• [What to work on]:
Everything from the opening line of the records below up to and including the line containing "アンティーク家具 銅金具 堆朱" should be retyped exactly, minus the pictures.

• [Data to examine]:
--*--
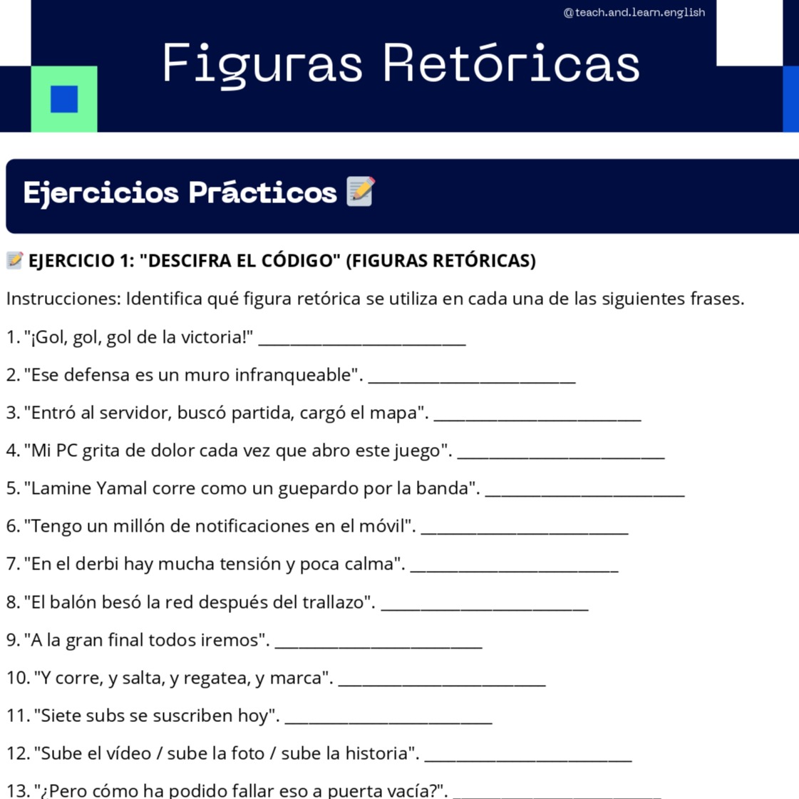 Ejercicio 1 ("Descifra el código"): 20 frases cortas para identificar una figura retórica específica, incluyendo referencias a directos aburridos, notificaciones de móvil y jugadas de Vinícius.
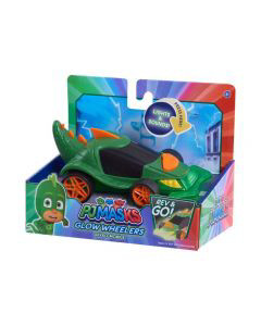 - Available in Assorted Designs: Catboy's Cat-Car, Owlette's Owl-Glider, and Gekko's Gekko-Mobile. Each PJ Masks Glow Wheeler is sold separately.
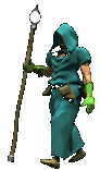 A pixel art Daggerfall Elder Scrolls mage in a hooded robe, holding a glowing staff, ready for magic.
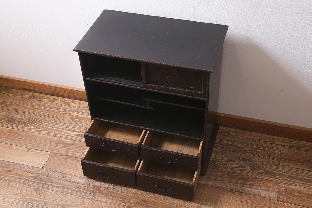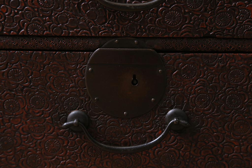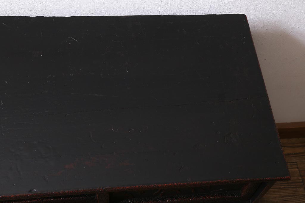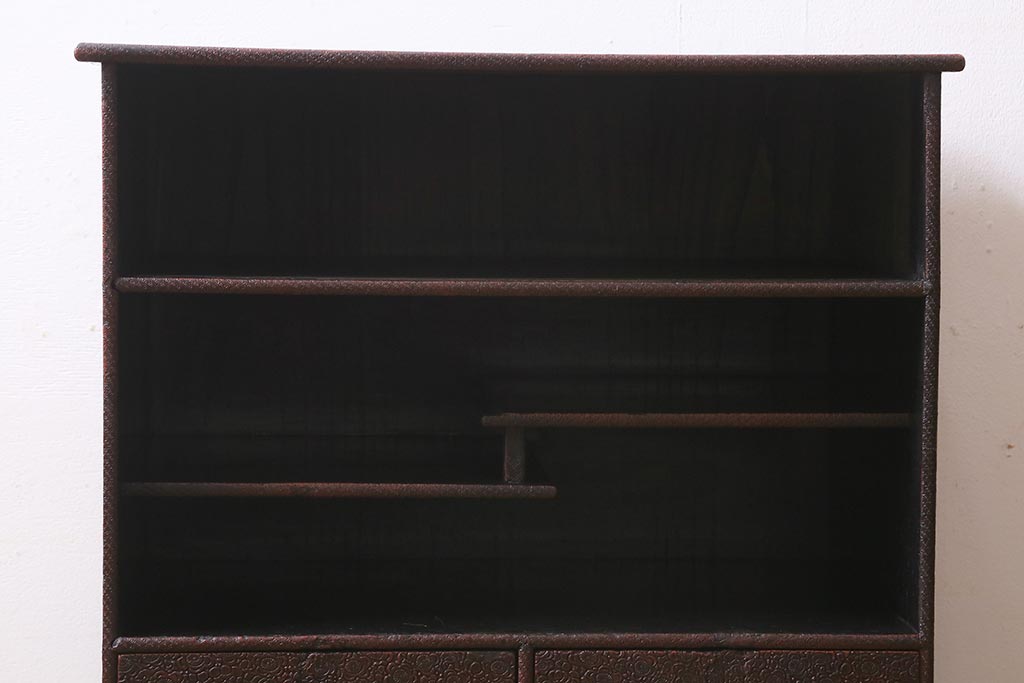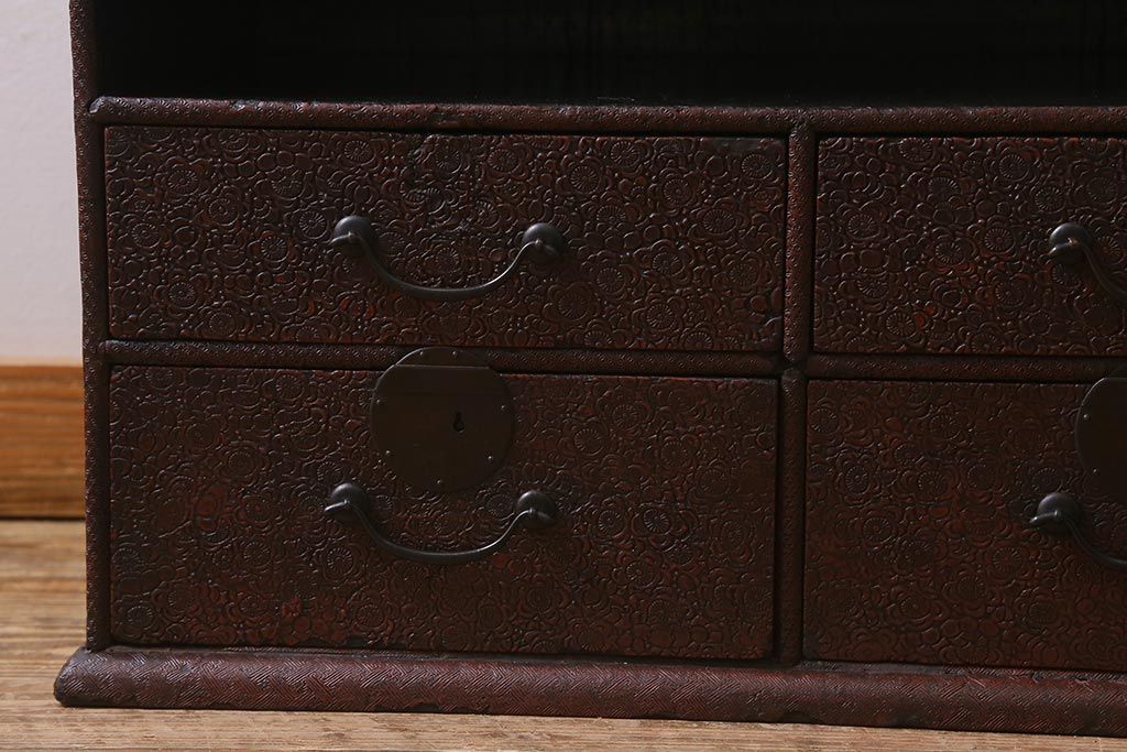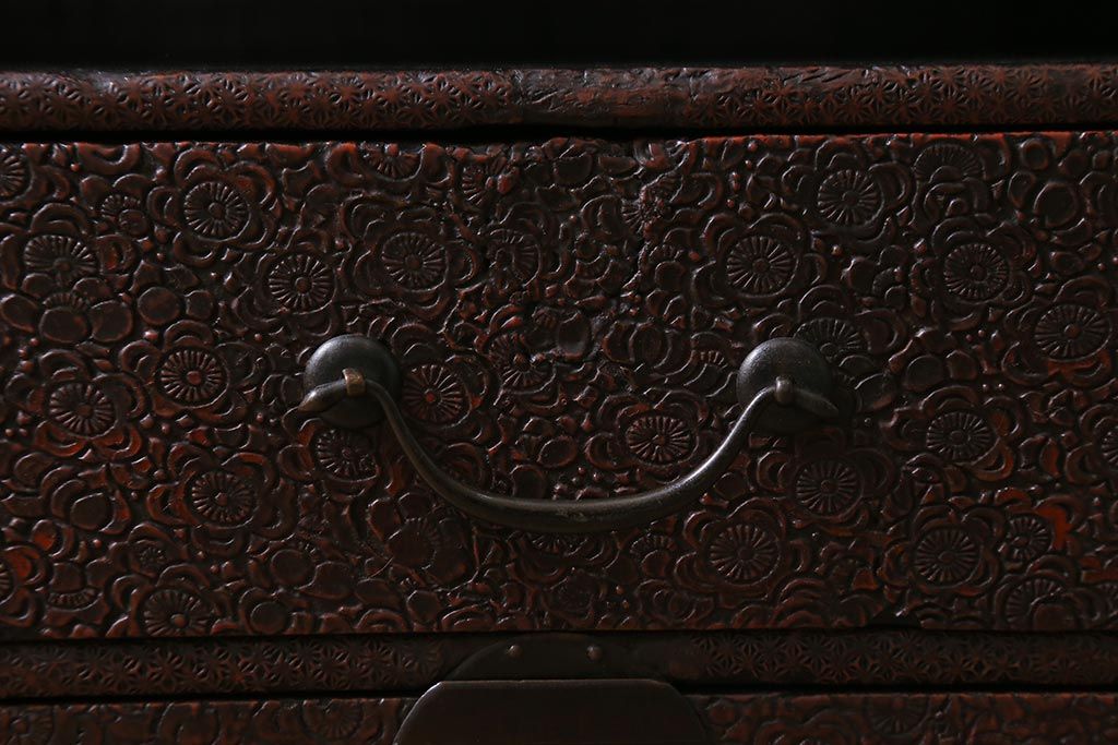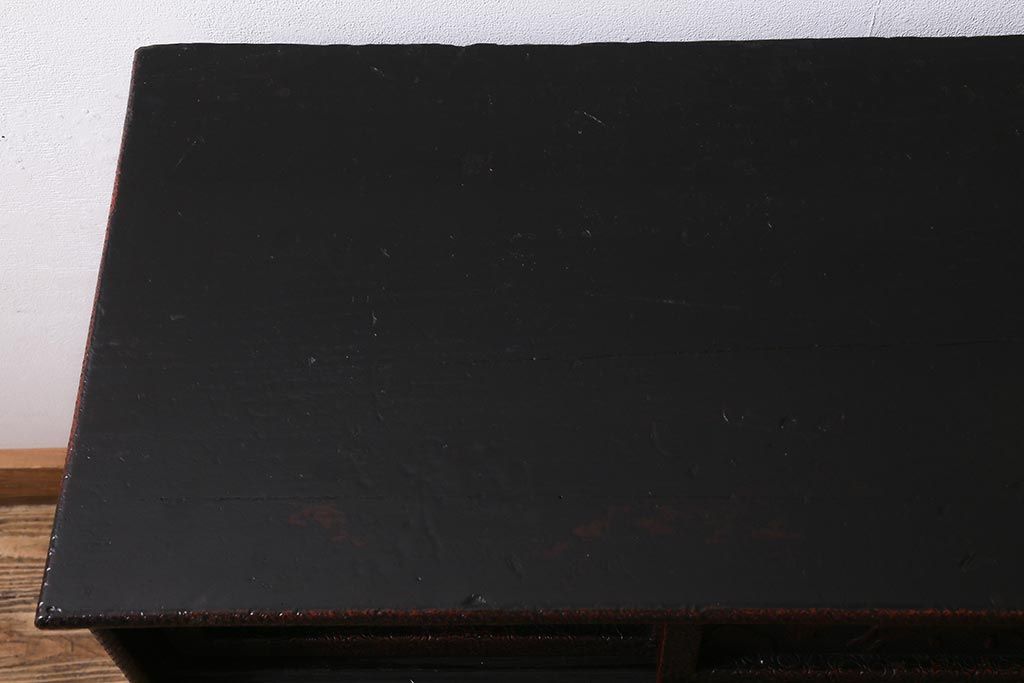 アンティーク家具 銅金具 堆朱 彫漆 凝った浮き彫りが目を引く古美術品の飾り棚(飾棚)(R-039541)です。
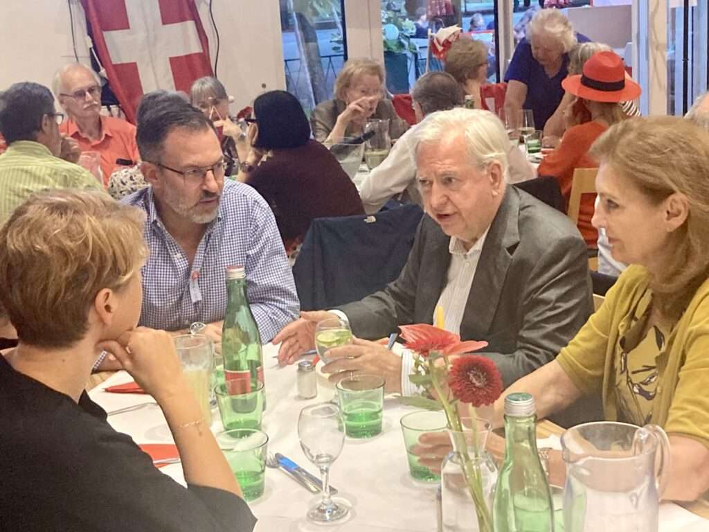 Die 1. Augustfeier 2022 wurde, wie schon 2021, beim Heurigen Schübel-Auer in Nussdorf abgehalten, auch aufgrund der überaus positiven Rückmeldungen unserer Mitglieder. Diesmal hatten wir allerdings mehr Glück mit dem Wetter und die ungefähr 80 Mitglieder und Gäste, darunter auch viele neue und jüngere Gesichter, konnten bei Sonnenschein im romantischen, baumbestandenen Innenhof des Heurigen feiern. Nach dem “Apéro” wurde der „offizielle Teil“ der Bundesfeier bewusst reduziert, die Botschaft des Schweizer Bundespräsidenten Ignacio Cassis vom Präsidenten verlesen, gefolgt von den Grussworten des Generalsekretärs des Dachverbands der ausländischen Vereine in Österreich, Walter Gerbautz. Damit blieb unseren Mitgliedern viel Zeit, um sich dem ausgezeichneten Buffet und der Unterhaltung mit den anderen Gästen zu widmen, was der guten Stimmung sichtlich zuträglich war. Mit Einbruch der Dunkelheit wurde der „Schweizerpsalm“ intoniert, als Höhepunkt und (langsamen) Abschluss unserer diesjährigen Bundesfeier, für die wir auch diesmal viel positive Resonanz bekamen. Ein herzlicher Dank an dieser Stelle an alle unsere Gäste und Mitglieder für die aktive Teilnahme!
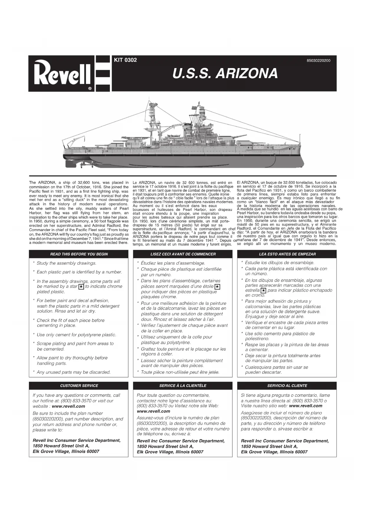 Pour toute question ou commentaire, contactez notre ligne d’assistance au: (800) 833-3570 ou Visitez notre site Web: www.revell.com Assurez-vous d’inclure le numéro de plan (85030220200), la description du numéro de pièce, votre adresse de retour et votre numéro de téléphone ou, écrivez à: Revell Inc Consumer Service Department, 1850 Howard Street Unit A, Elk Grove Village, Illinois 60007
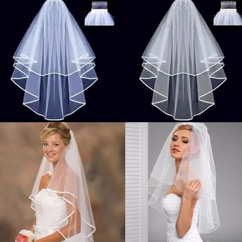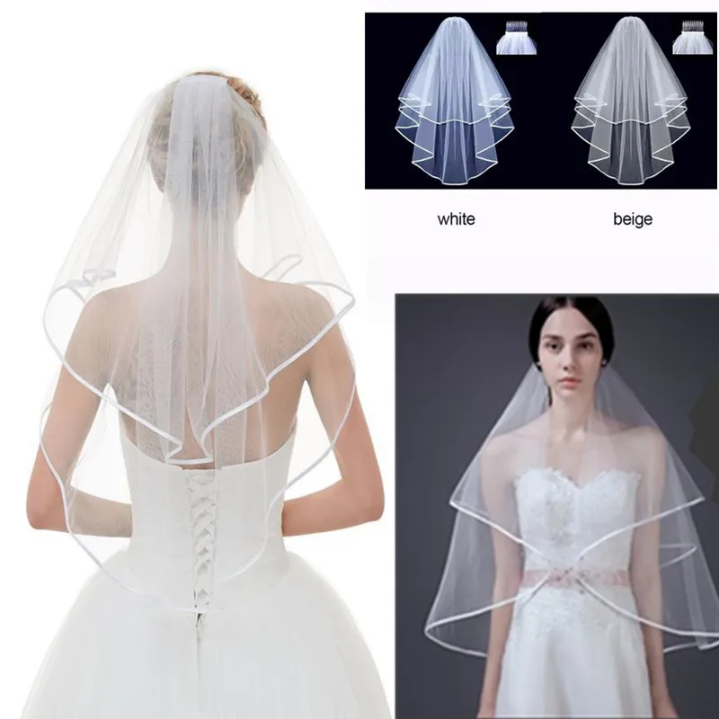 Новый модный стиль 0,8 м Короткая секция красивая и просторная двухслойная белая или бежевая Фата для свадебвечерние НКИ с расческой
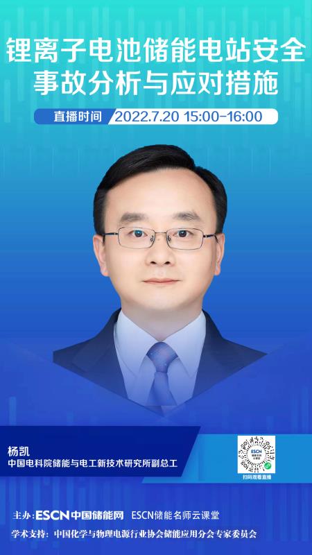 7月20日下午15:00-16:00,中國(guó)儲(chǔ)能網(wǎng)邀請(qǐng)中國(guó)電科院儲(chǔ)能與電工新技術(shù)研究所副總工楊凱博士做客“ESCN儲(chǔ)能名師云課堂”(在線直播),為大家分享《鋰離子電池儲(chǔ)能電站安全事故分析與應(yīng)對(duì)措施》主題報(bào)告。歡迎業(yè)界同仁在線學(xué)習(xí)與交流。
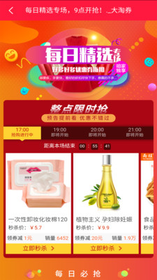 5、各种抢购活动,让您买得起。每日10点/20点准时开启限时秒杀,爆款商品低至1折起,更有整点红包雨、分享得券等互动玩法。
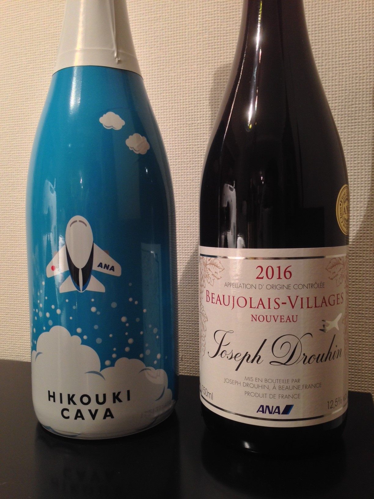 今年は定番5本に加え、ANAのマイレージで交換した1本と、ボトルのデザインが可愛らしいスペイン産のスパークリングも。セラーがいっぱいになったemoji
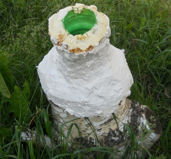 В бутылку насыпаем утяжелитель. Песок или камни. Верх бутылки отрезается так, чтобы она попала в выемки на крышке. Если нет такой возможности, после закрепляем пеной. Ставим на резиновый коврик и формируем ножку гриба.
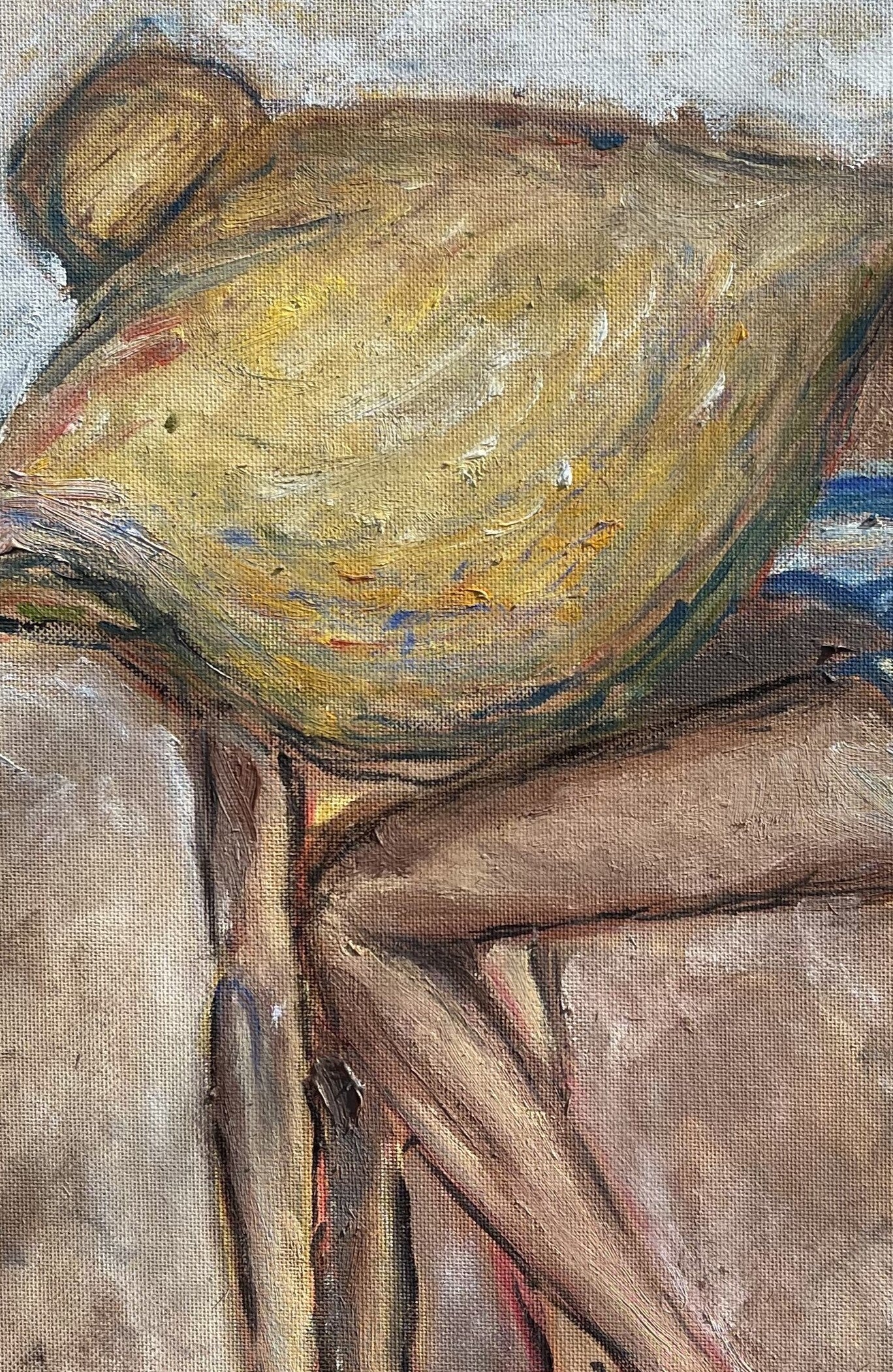 In “Elegant Break”, the canvas becomes the scene of a scene that is both everyday and timeless, where the natural elegance of the woman is revealed in the simplicity of a moment of rest.
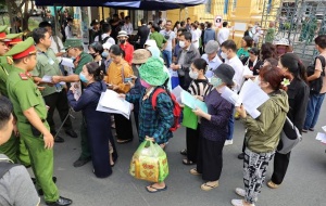 | Chủ tịch Quốc hội Việt Nam Trần Thanh Mẫn, Chủ tịch Quốc hội Lào Saysomphone Phomvihane, Phó chủ tịch kiêm Tổng giám đốc BIM Group Đoàn Quốc Huy cắt băng khánh thành khách sạn Holiday Inn & Suites Vientiane. |
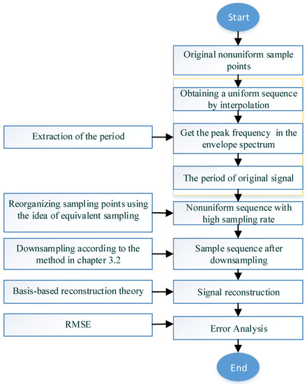 The development of equivalent sampling technology breaks through the limitation of Nyquist sampling theorem. It can sample the signal at a rate much lower than the Nyquist sampling rate while retaining the information of the original signal [8,9]. As a basic method of equivalent sampling technology, random equivalent sampling (RES) is widely used in signal sampling because of its low cost and high accuracy [10,11]. The basic idea of RES is to reconstruct the multi-cycle samples in a fast, equivalent period. However, due to the randomness of the time interval between the trigger position and the sampling clock, the sample distribution is not uniform. In order to obtain a sufficiently high reconstruction accuracy, the RES must undergo a large amount of random sampling to reconstruct the original signal [12]. This multiple sampling will generate a large number of redundant samples which will greatly reduce the reconstruction efficiency. In this paper, by extracting the period of the signal to be reconstructed, the principle of equivalent sampling is used to recombine multi-period nonuniform samples within one period to improve the sampling rate. However, the distribution of the reorganized sample points is still uneven. To solve this problem, we need to utilize the theory of nonuniform reconstruction.
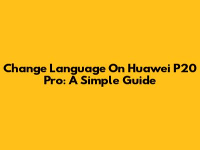 Change Language On Huawei P20 Pro: A Simple Guide
--*--
• [Expected output]:
 Ejercicio 1 ("Descifra el código"): 20 frases cortas para identificar una figura retórica específica, incluyendo referencias a directos aburridos, notificaciones de móvil y jugadas de Vinícius.
 - Available in Assorted Designs: Catboy's Cat-Car, Owlette's Owl-Glider, and Gekko's Gekko-Mobile. Each PJ Masks Glow Wheeler is sold separately.
 A pixel art Daggerfall Elder Scrolls mage in a hooded robe, holding a glowing staff, ready for magic.
 アンティーク家具 銅金具 堆朱 彫漆 凝った浮き彫りが目を引く古美術品の飾り棚(飾棚)(R-039541)です。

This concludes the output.